Saturday, November 15, 2008

Give Me a Lever Long Enough and I'll Buy the World

When the definitive history of this financial crisis is written, the role of leverage should get a hard look. In the ailing credit markets, leverage turned what should have been chest pains into a full-blown heart attack. The “seize up" metaphor became especially apt.

Those following the storyline closely will know that leverage at Wall Street investment banks soared from levels of 12-1 to 30-1 in about four years. But what does that mean? To the average guy on Main Street, leverage is a rather abstract, foreign concept. However it's critical to grasp the destabilizing power of leverage to understand the mess we're in.

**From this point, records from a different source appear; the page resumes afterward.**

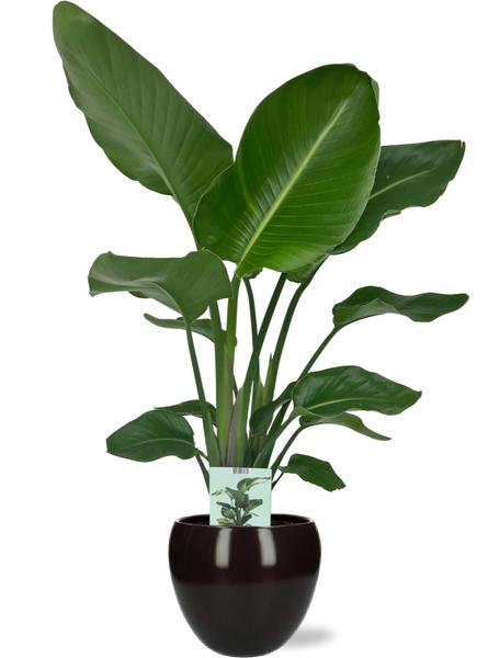 Strelitzia Nicolai - Ø19cm - ↕90cm + Bowl Pot D19/21x18,5cm - Zwart
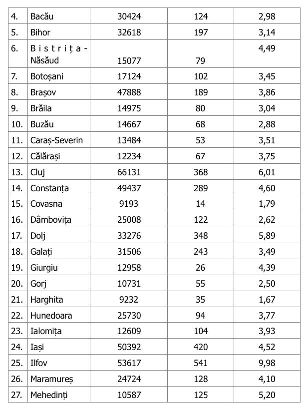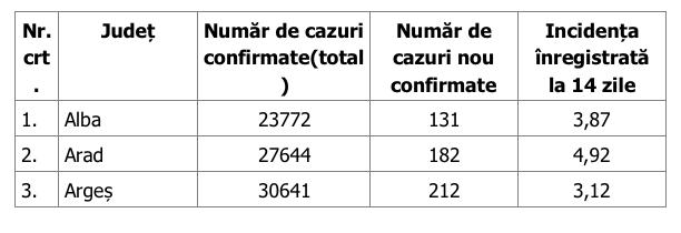 Bilanț COVID-19 din 4 octombrie 2021, în România. Distribuția pe județe
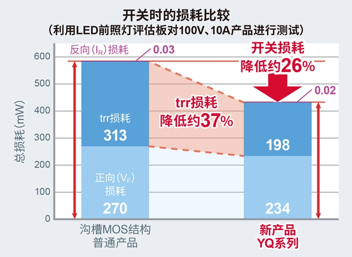 “YQ系列”是继以往支持各种电路应用的4个SBD系列之后推出的新系列产品,也是ROHM首款采用沟槽MOS结构的二极管。该系列利用ROHM自有的结构设计,实现了业界超快的trr(15ns),与同样采用沟槽MOS结构的普通产品相比,trr单项的损耗降低约37%,总开关损耗降低约26%,因此,有助于降低应用产品的功耗。另外,通过采用沟槽MOS结构,与以往采用平面结构的SBD相比,正向施加时的损耗VF*2和反向施加时的损耗IR*3均得到改善。这不仅可以降低在整流应用等正向使用时的功率损耗,还可以降低对于SBD而言最令人担心的热失控风险*4。这些优势使得该系列产品非常适用于容易发热的车载LED前照灯的驱动电路、xEV用的DC-DC转换器等需要进行高速开关的应用。
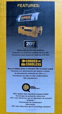[This review was collected as part of a promotion.] This Dewalt cord/cordless propane heater is compact and portable, which makes it easy to use it in remote areas where you are without electricity with the battery pack option. Variable control allows you to adjust the amount of heat output to be between 27,000 and 68,000 BTU'S to keep the area you're working in very comfortable. Battery life is very good, keeps burning for hours. Built-in safety features make it worry free. Looks to be very durable and should last for years.
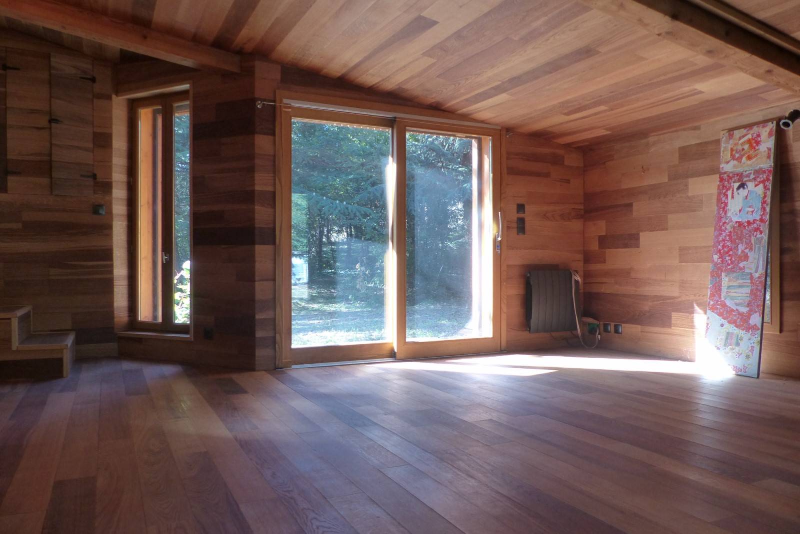 Elle est composée d'une pièce de vie avec cuisine ouverte, d'un salon, d'une grande chambre avec baie vitrée en rez de jardin, d'une mezzanine avec coin bureau et de 2 chambres à l'étage.
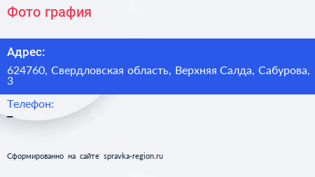 Фото-графия по адресу 624760, Свердловская область, Верхняя Салда, Сабурова, 3 в дальнейшем Организация, размещена в следующих категориях:
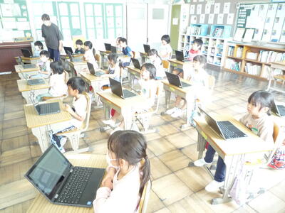 今日もさわやかな晴天です。校庭では、体育の授業が行われています。どの学年も運動の基本である「走る」領域の活動です。いろいろな走り方や50メートル走、リレーに取り組んでいます。また、1年生が「学校探検」を行いました。校舎内のいろいろな部屋を興味深く探検しました。校長室にも探検に来てくれました。ソファーに座ってお話したり、パソコンをのぞいてこのホームページを見たりしました。「一人でこの部屋にいて、さみしくないの?」と心配しくれる子もいました。そのやさしさ、ありがとうございます。
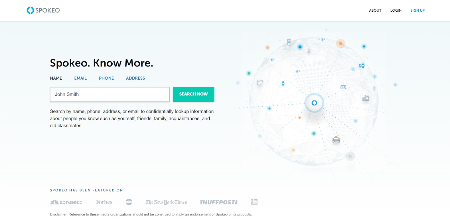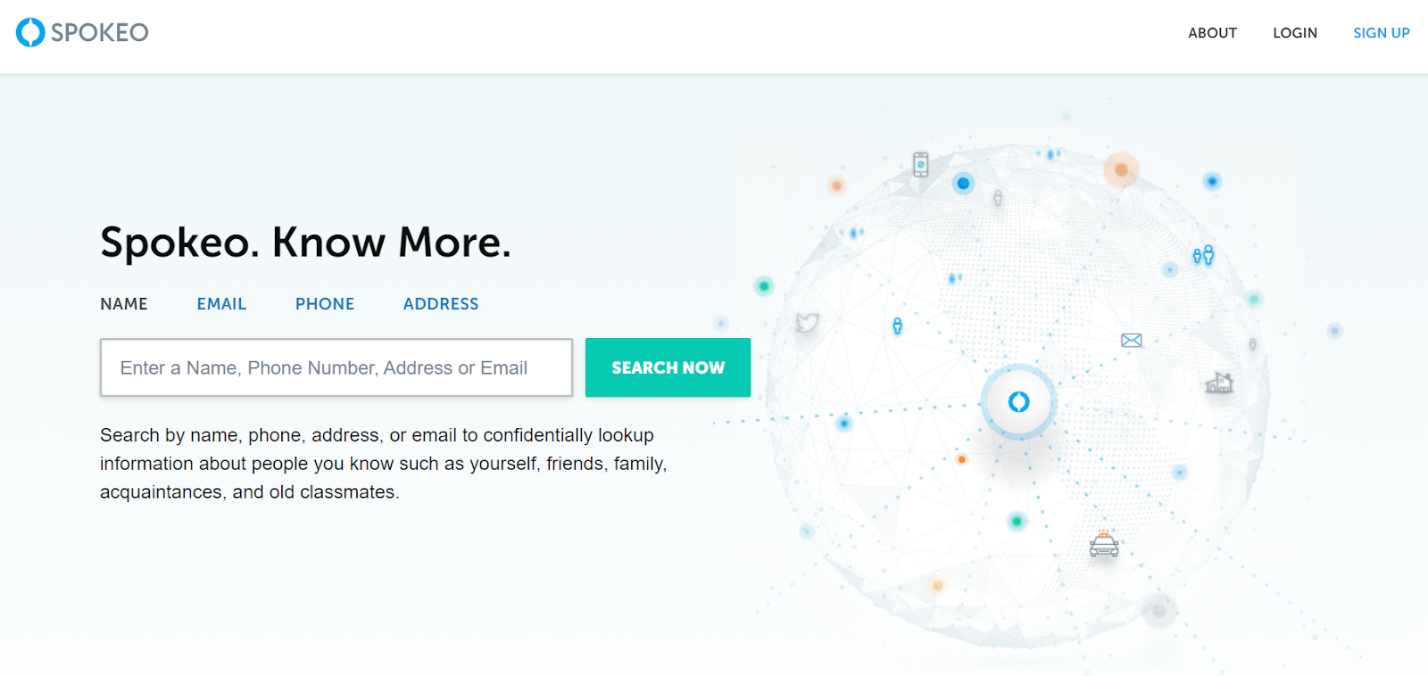 Det første du ser når du besøker siden er de fire søkealternativene. Du kan søke etter data basert på navn, adresse, telefonnummer eller e-postadresse. Spokeo er basert i USA, noe som betyr at den kun godtar telefonnumre registrert i USA, og all informasjon er begrenset til USA.

The standard definition of leverage compares money borrowed to equity. So if you take out a $3 million loan and your only equity is a $300,000 house, you’re leveraged at 10-1. But there's another way to look at this idea that illustrates the vulnerability created.

Let's say you buy a stock option (that financial engineers have dreamed up) that behaves this way: it costs $3.33 and captures the return on a $100 share of stock. That's leverage at 30-1. The upside is wonderfully lucrative. If that stock gains a bit more than 3 percent, you double your investment. Beautiful, you may be thinking. The only problem is that when it drops the same amount, you find yourself wiped out. So leverage magnifies risk.

Dizzying amounts of leverage contributed to the demise of Long Term Capital Management in 1998. When it began to implode, the firm had $4.9 billion of capital supporting a towering, Seussian edifice of $1.25 trillion of positions not reflected on its balance sheet. LTCM effectively had no cushion to fall back on when setbacks in the market began eating up its capital.

When LTCM began crumbling, the Federal Reserve had to intervene to ensure an orderly dismantling of the company. LTCM had become too big to let it simply collapse. Sound familiar? One takeaway lesson should have been that financial regulators need to closely monitor levels of leverage in the system. But somehow we lost sight of that.